Goodbye letter from Dutch resistance fighter delivered 70 years on

Peter Will wrote the letter to his wife and son shortly before being sent to a concentration camp.

THE FAMILY OF a World War II Dutch resistance fighter killed in a Nazi concentration camp has received his farewell letter seven decades on, an archive centre said today.

Peter Will wrote the goodbye letter to his wife and six sons shortly before he was deported to a concentration camp in 1944 by his Nazi captors.

That letter would not find its way to its intended recipients until this year when a family friend spotted a wallet belonging to Will while surfing an online archive documenting the fate of Nazi victims.

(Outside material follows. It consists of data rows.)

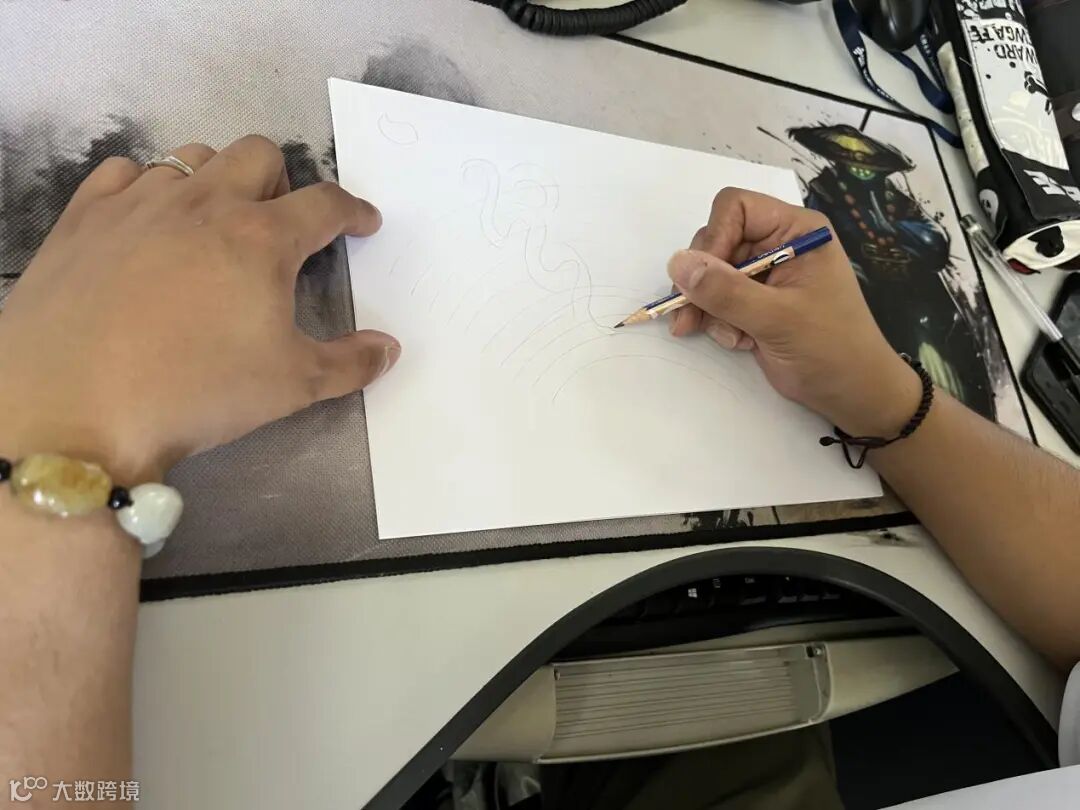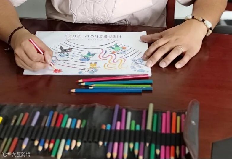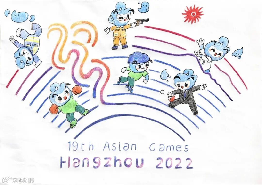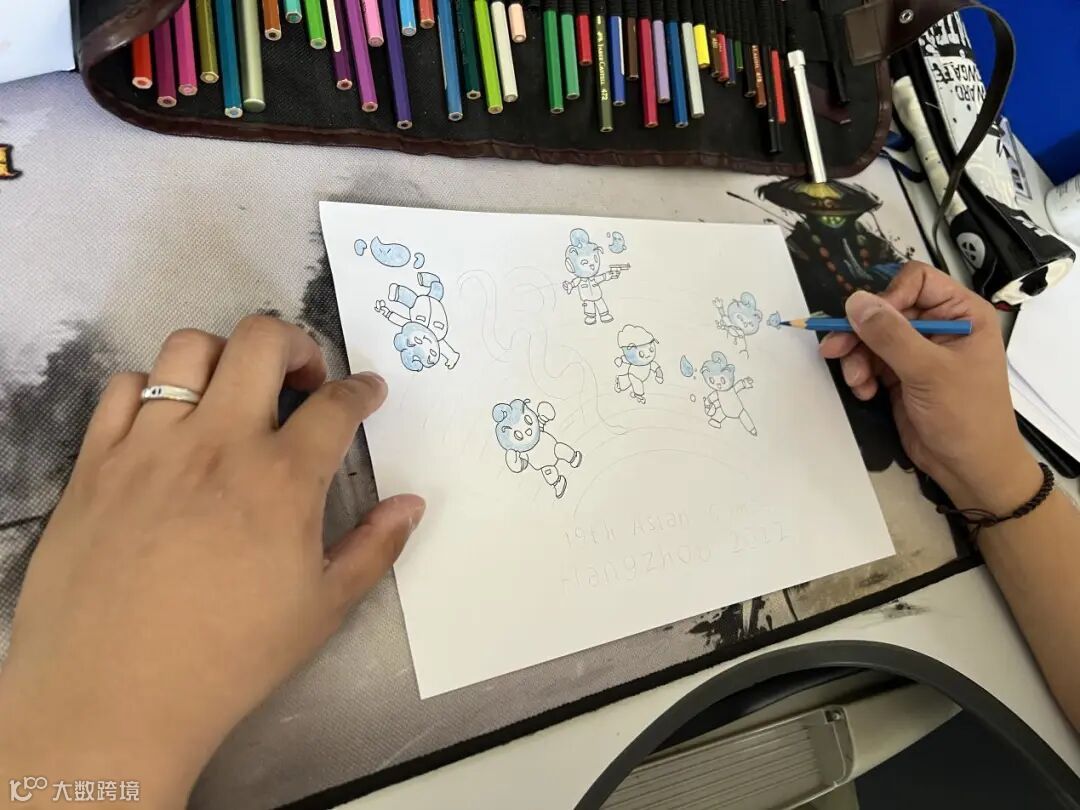 首先用铅笔勾勒出杭州亚运会的标志“潮涌”:扇面、钱塘江、钱江潮头、赛道、互联网符号及象征亚奥理事会的太阳图形。
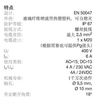 玻璃纤维增强型热塑塑料,可自熄灭; 机械寿命长;
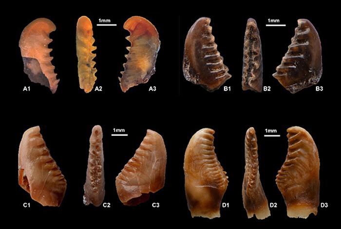 研究团队发现其中来自渐新世两个地点的咽喉齿化石分别代表了两个比较古老的绝灭属种,并建立了德造鱼属(Dezaoia)的三盛公德造鱼(Dezaoia saintjaquensis gen. et sp. nov.), 和始草鱼属(Eoctenopharyngodon)的刘氏始草鱼 (Eoctenopharyngodon liui gen. et sp. nov.) (图3A 和B)。内蒙古杭锦后旗三盛公下渐新统乌兰布拉格组的三盛公德造鱼,它的齿冠侧面的脊和沟比较短, 顶端上弯且增大,咀嚼面窄长且较直, 脊的末端尖使咀嚼面边缘呈锯齿状。这种锯齿状的咀嚼面边缘在幼年草鱼刚萌出齿中常见, 但在成年草鱼的咽齿中尚未发现过。始草鱼属的刘氏始草鱼采自河北安次上渐新统东营组,它的咽喉齿形态更接近于现生草鱼,但是齿较厚较短, 齿冠前后侧面脊的数目少而短, 咀嚼面外侧端似乎稍后转, 化石产自上渐新统,代表了似草鱼类的已绝灭的属种。
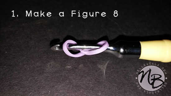 necesita un gancho telar del arco iris, un telar mini telar del arco iris y algunas bandas de telar del arco iris.Paso 1: Paso 1 Primero, tome cualquier banda y tuerza en una forma 8. colocar cada extremo en un lado del mini telar.Paso 2: Paso 2 añad
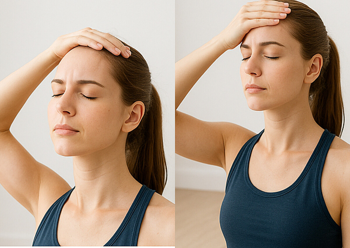 Step2、用手掌輕壓額頭(或後腦/側邊),同時頭部出力抵抗壓力,但不移動。
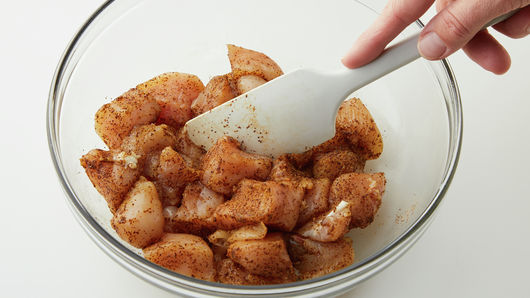 In medium bowl, mix 1 teaspoon of the cumin, 1 teaspoon of the chili powder, 1/2 teaspoon of the salt and the coriander. Add chicken; stir to coat.
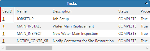 - Click the SeqID for the task you want to complete in the Tasks panel.
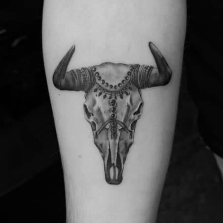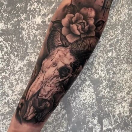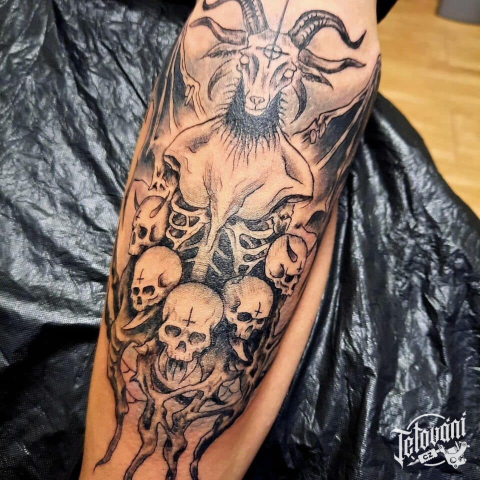 Tetování znamení zla, lebky a zvířata, beran na předloktí
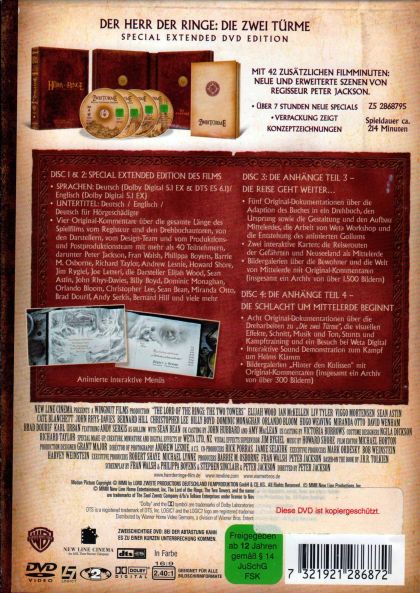 Die Gefährten gehen getrennte Wege, doch verfolgen sie weiterhin ihr Ziel: die Zerstörung des einen Rings, Frodo und Sam sind gezwungen, Gollum ihr Leben anzuvertrauen, um den Weg nach Mordor zu finden. Während Sarumans Heer vorrückt, bereiten sich die restlichen Gefährten zusammen mit den Menschen und übrigen Bewohnern von Mittelerde auf die Schlacht vor. Der Krieg der Ringe hat begonnen.Mit 42 Zusätzlichen Filmminuten: Neue und erweiterte Szenen von Regisseur Peter Jackson.

That discovery led to the return of the wallet — which held not just the letter, but also photos — to the family, said the International Tracing Service (ITS) archive.

“It was extremely emotional for us. This isn’t something you expect any more,” said one of Peter’s sons, Joop Will, who was just 10 years old when his father was captured.

“There is no end to the story for us, it is always in our thoughts,” he said.

Peter’s family had not expected to find any more personal belongings after his bible, wedding ring and a fountain pen had already been returned to them as early as in 1949.

But it turned out that the wallet had been mistakenly matched to someone else’s name.

Over the years, Joop’s brothers Peter and Bert have been tracing the life of their father and had even compiled a book about it.

They found out that their father, a meat inspector, had helped downed Allied pilots to escape, including hiding them in an abandoned shed at a slaughterhouse.

“After learning this, the older sons recalled that their father would often stand on the terrace, holding a pair of binoculars, watching the air attacks and then would disappear,” said the ITS.

He was finally arrested in Nijmegen in December 1943, and was killed in the final days of the war in 1945.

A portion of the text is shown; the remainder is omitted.